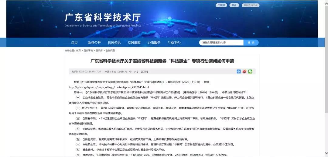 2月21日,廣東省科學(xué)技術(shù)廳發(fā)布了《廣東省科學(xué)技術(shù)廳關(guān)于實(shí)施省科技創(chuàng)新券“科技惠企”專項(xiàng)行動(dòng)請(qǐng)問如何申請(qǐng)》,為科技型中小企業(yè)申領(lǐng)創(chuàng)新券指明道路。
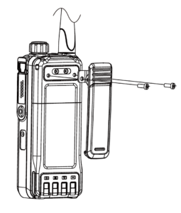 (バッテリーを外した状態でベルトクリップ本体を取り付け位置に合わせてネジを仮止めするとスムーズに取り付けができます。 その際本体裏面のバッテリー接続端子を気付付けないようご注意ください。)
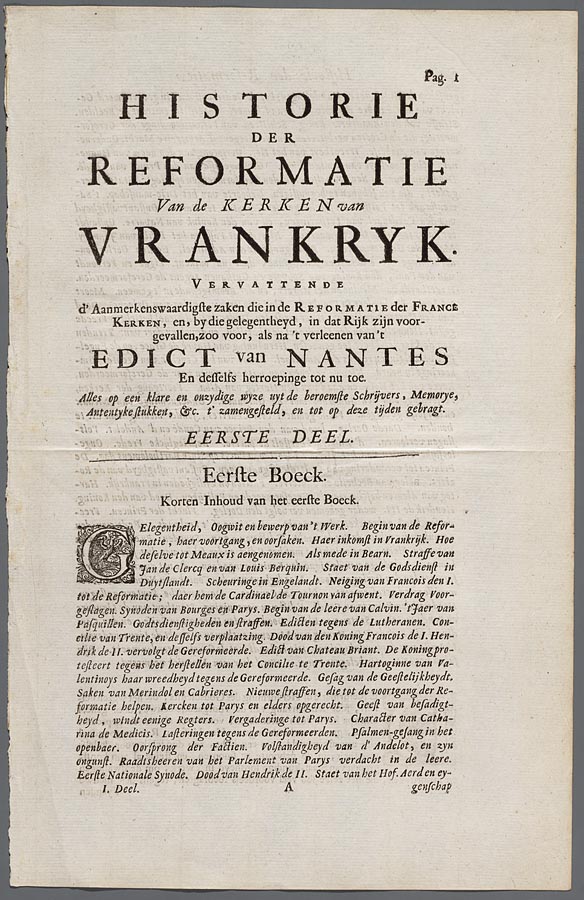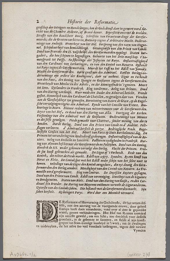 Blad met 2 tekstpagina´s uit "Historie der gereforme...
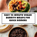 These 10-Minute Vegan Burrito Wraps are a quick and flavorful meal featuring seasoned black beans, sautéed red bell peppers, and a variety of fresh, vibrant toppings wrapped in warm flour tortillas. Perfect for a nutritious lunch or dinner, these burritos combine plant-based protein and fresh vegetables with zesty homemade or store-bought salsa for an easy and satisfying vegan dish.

• HOW TO COMPLETE THIS TASK
Nothing but the pictures may be dropped as you repeat the listing above exactly.

• SOLVED EXERCISE
 2月21日,廣東省科學(xué)技術(shù)廳發(fā)布了《廣東省科學(xué)技術(shù)廳關(guān)于實(shí)施省科技創(chuàng)新券“科技惠企”專項(xiàng)行動(dòng)請(qǐng)問如何申請(qǐng)》,為科技型中小企業(yè)申領(lǐng)創(chuàng)新券指明道路。
 (バッテリーを外した状態でベルトクリップ本体を取り付け位置に合わせてネジを仮止めするとスムーズに取り付けができます。 その際本体裏面のバッテリー接続端子を気付付けないようご注意ください。)
 Blad met 2 tekstpagina´s uit "Historie der gereforme...
 These 10-Minute Vegan Burrito Wraps are a quick and flavorful meal featuring seasoned black beans, sautéed red bell peppers, and a variety of fresh, vibrant toppings wrapped in warm flour tortillas. Perfect for a nutritious lunch or dinner, these burritos combine plant-based protein and fresh vegetables with zesty homemade or store-bought salsa for an easy and satisfying vegan dish.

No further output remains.